Invitado el Sáb Jun 06, 2015 11:55 pm

La mano de Ella descansaba sobre su vientre.
Hacía solo unos minutos que había amanecido y por la ventana se filtraban unos pálidos rayos de sol, propios de un día nublado que, con toda probabilidad, vería la lluvia más entrada la mañana.
Había despertado en esa posición, y no se había movido en un buen tiempo. Descansaba sobre la colcha de la cama, con la sabana cubriéndole menos de la mitad del cuerpo ya que se debía de haberse ido destapando a lo largo de la noche. Cuando el sueño se desvaneció, sentía su pelo enredado en su mano izquierda, descansando con la palma hacía arriba y la marca tenebrosa a centímetros de su cara, mientras que la derecha se encontraba sobre la tela sedosa de su camisón  oscuro. El dedo indice comenzó a hacer círculos sobre la tela, sobre el vientre, mientras los ojos azules miraban fijamente el techo color crema.

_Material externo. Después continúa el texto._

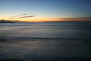 начала рабочего дня:<Будильник, как бешеный вопит, время 5 утра, за окном темно и завывает ветер. Ужасно хочется закрыть глаза еще на немного. Повторная истерика будильника вытаскивает из дремной мглы. Встаю на автомате, холодно, кожа моментально покрывается пупурышками. Выхожу из дома, на небе луна и все вокруг покрыто инеем, под ногами хрустит лед. Иду к машине с замерзшими стеклами. Сегодня обещали волнение 3-5 метров: надо взять доску подлиннее. В багажник летят 5 мм гидрик, бутсы, перчатки и капюшон. Город еще не проснулся, мигают желтым светофоры, неизвестно откуда взявшиеся редкие прохожие и разносчики газет на велосипедах кутаются в свои одежки, холодно. Печка в машине молотит на полную, немного развезло и ужасно хочется спать. Главное не заснуть по дороге. Подъезжаю к морю. Бетонное заграждение не дает увидеть воду, но темно-серое небо и бегущие на восток облака пахнут серьезными волнами. Заезжаю на парковку - о, да! Водяные массы стального
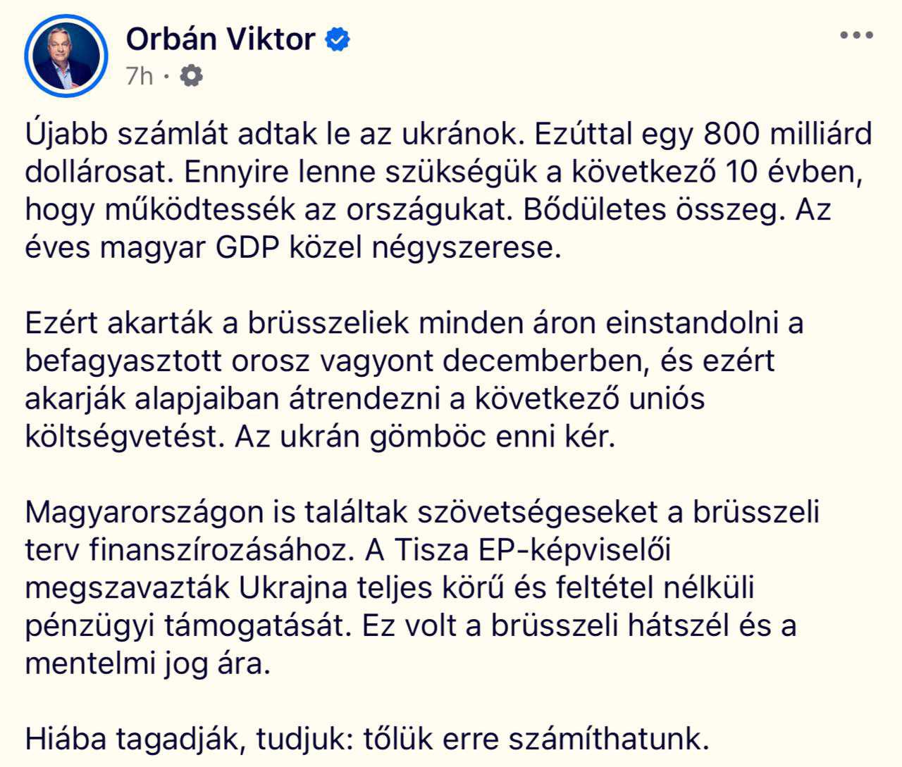 «Вот почему брюссельцы хотели любой ценой разобраться с замороженными российскими активами в декабре, и вот почему они хотят коренным образом изменить следующий бюджет ЕС» – объясняет венгерский премьер происходящее.
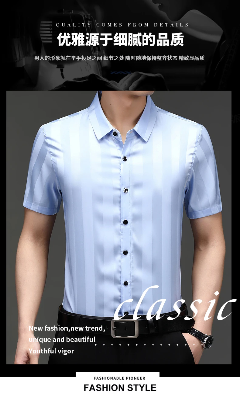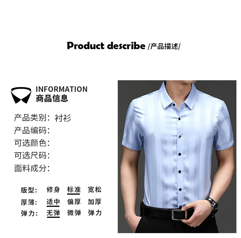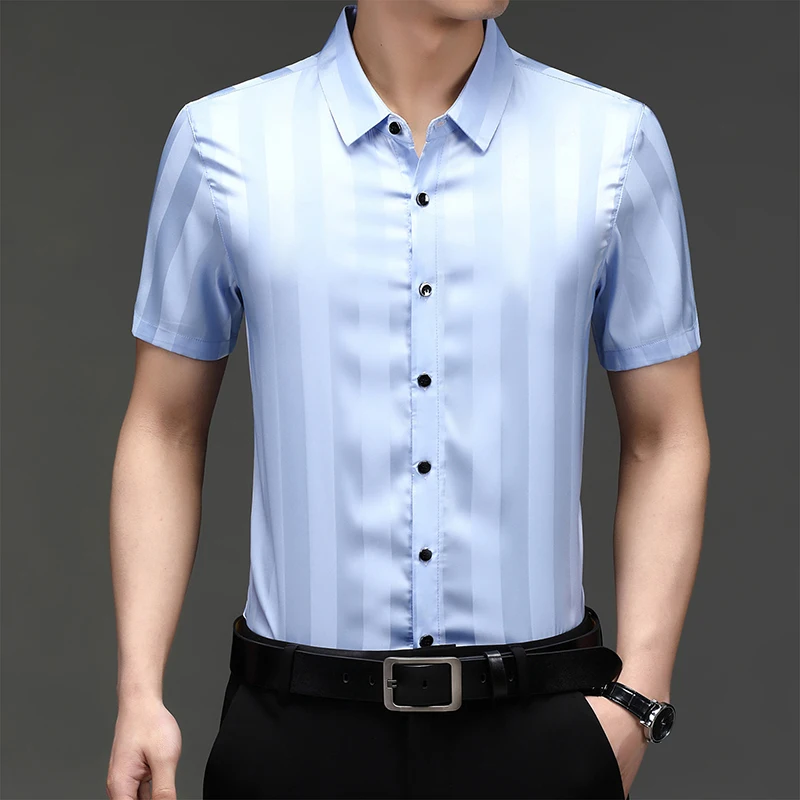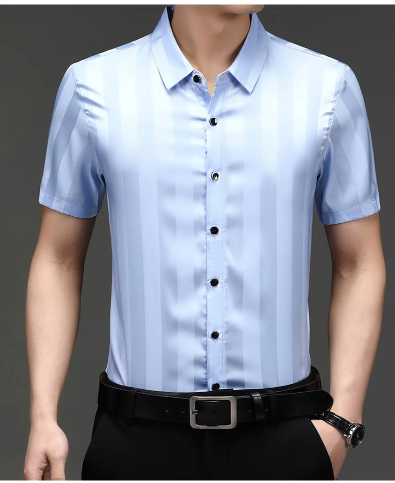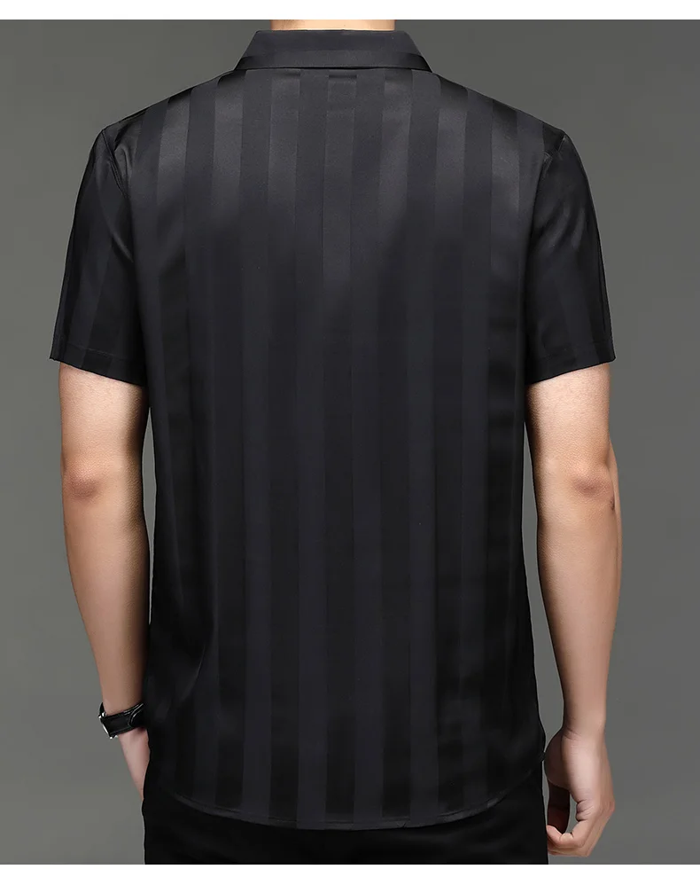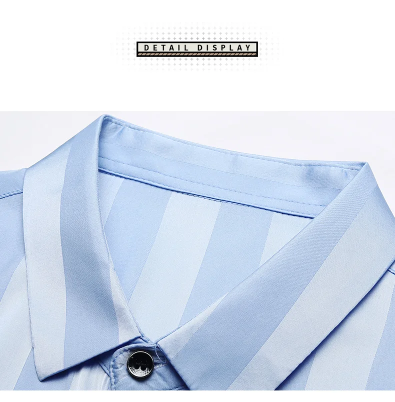 Мужская шелковая одежда летняя мода в широкую полоску Мягкие Блузки из поплина Мужская модная повседневная Уличная одежда с коротким рукавом шелковые платье прямого кроя

Recordaba aquel día como si hubiera sido el anterior. Podía sentir el dolor en su vientre, la sangre caliente cayendo por su sus piernas cada vez más paliduchas hasta llegar al suelo. Recordaba  estar manchando la alfombra sin que le importarse las manchas, la suciedad o el desorden que estaba provocando a su paso:
Casi sin poder andar, tambaleándose de un lado a otro, apoyándose en lo primer que encontraba, tiraba a su paso jarrones de caridad, sillas de madera, cuadros y cualquier cosa que se encontraba con sus manos.
Y mientras tanto su hijo estaba muriendo.
El pequeño cuyo rostro había visto en sus sueños, cuyo nombre ya sabía porque lo había adivinado, esta muriendo dentro de ella sin poder remediarlo. Ya era tarde para tratar de remediarlo, la verdad era tan clara que era un segundo dolor, unas crueles punzadas en su corazón que se sumaban a las de su vientre.
Tenía que haberlo previsto, tenía que haberlo visto...
Tenía, pero no lo hizo. Debió, pero falló.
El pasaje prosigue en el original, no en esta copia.